The lights shifted around us, turning a deeper red, signaling an act change. The classic woo woo woo siren noise of a strip club DJ sounded, and Tate and I grinned at one another in recognition.

“They’ve had this same sound cue on a loop since 1980.”

“Which is weird,” Tate replied, “Because it sounds like some kind of sinking submarine. Not exactly sexy.”

“Mayday, mayday, tits alert!”

He slapped the table with a laugh, and his hand brushed against mine. We both went rigid at the contact, and then, much to my surprise — and yeah, okay, a little delight — he let his fingers remain on the table, just barely grazing my own, like that painting of God and Adam, a single finger reaching to the skies to make contact.

Neither of us commented aloud on the fingers, just smiled knowingly at one another. Fuck, was I really doing this? Was I going to be seduced by the last man in the world I would’ve given the time of day to?

Suddenly, confetti burst from the ceiling, dousing our heads in paper bits.

“Did the show just end?” I called out to Tate over the cheers of the audience.

He pulled pink tissue paper off an eyelash. “It must have.
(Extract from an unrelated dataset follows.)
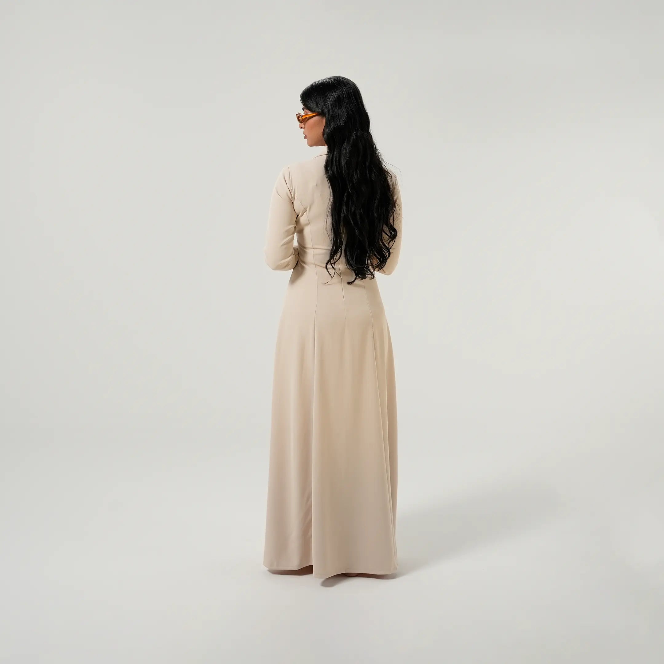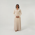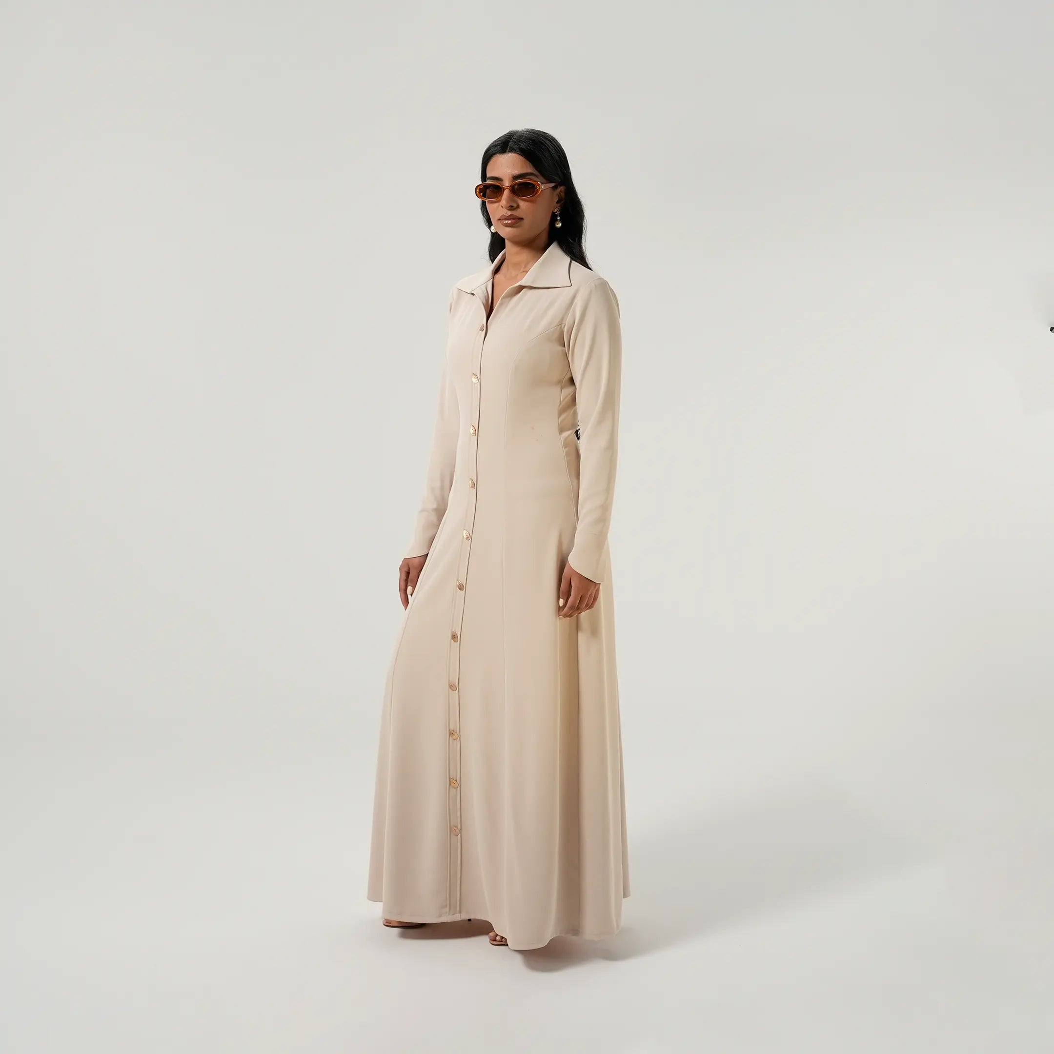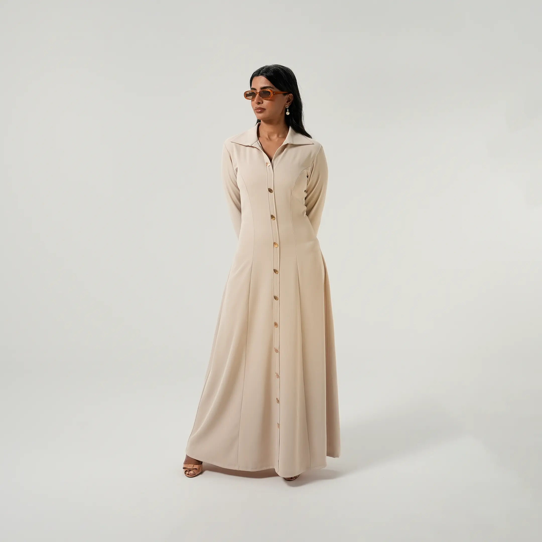 This light beige collared maxi dress is the definition of effortless sophistication. Designed with a softly flared silhouette, unique curved cuffs, and faux gold button detailing, it elevates everyday dressing while remaining endlessly versatile. Polished enough for meetings, refined enough for dinner- this is your ultimate smart-casual staple. Style with gold statement earrings and oversized sunglasses for an effortlessly put-together look.

I guess we got… distracted.”

His fingertips began to move over my hand, one index tracing my knuckles, as the air around us fluttered with the explosion.

“How,” he murmured, in a low voice, “would you like to get a little more distracted?”

My pulse quickened, and a throb reverberated through my vagina. I don’t know what I would’ve done next, because without warning, there was a wail through the DJ’s mic, causing Tate and I to momentarily start back in surprise.

“Attention, ladies and gentlemen,” the voice boomed. “The show’s now over, but the party will go on. This theater is now a nightclub, and we’ll be spinning sweet tunes all night long. Stick around for a hot and sexy time.”

I looked to Tate and imitated the DJ’s voice. “Hot and sexy time.”

He laughed, and joined in. “Oh, baby, give it to me, pussycat.”

We doubled over, guffawing at our own silliness and the generally foolish nature of the damn show.

“This guy’s totally been DJing here since the seventies, right?” I asked once I’d regained my breath.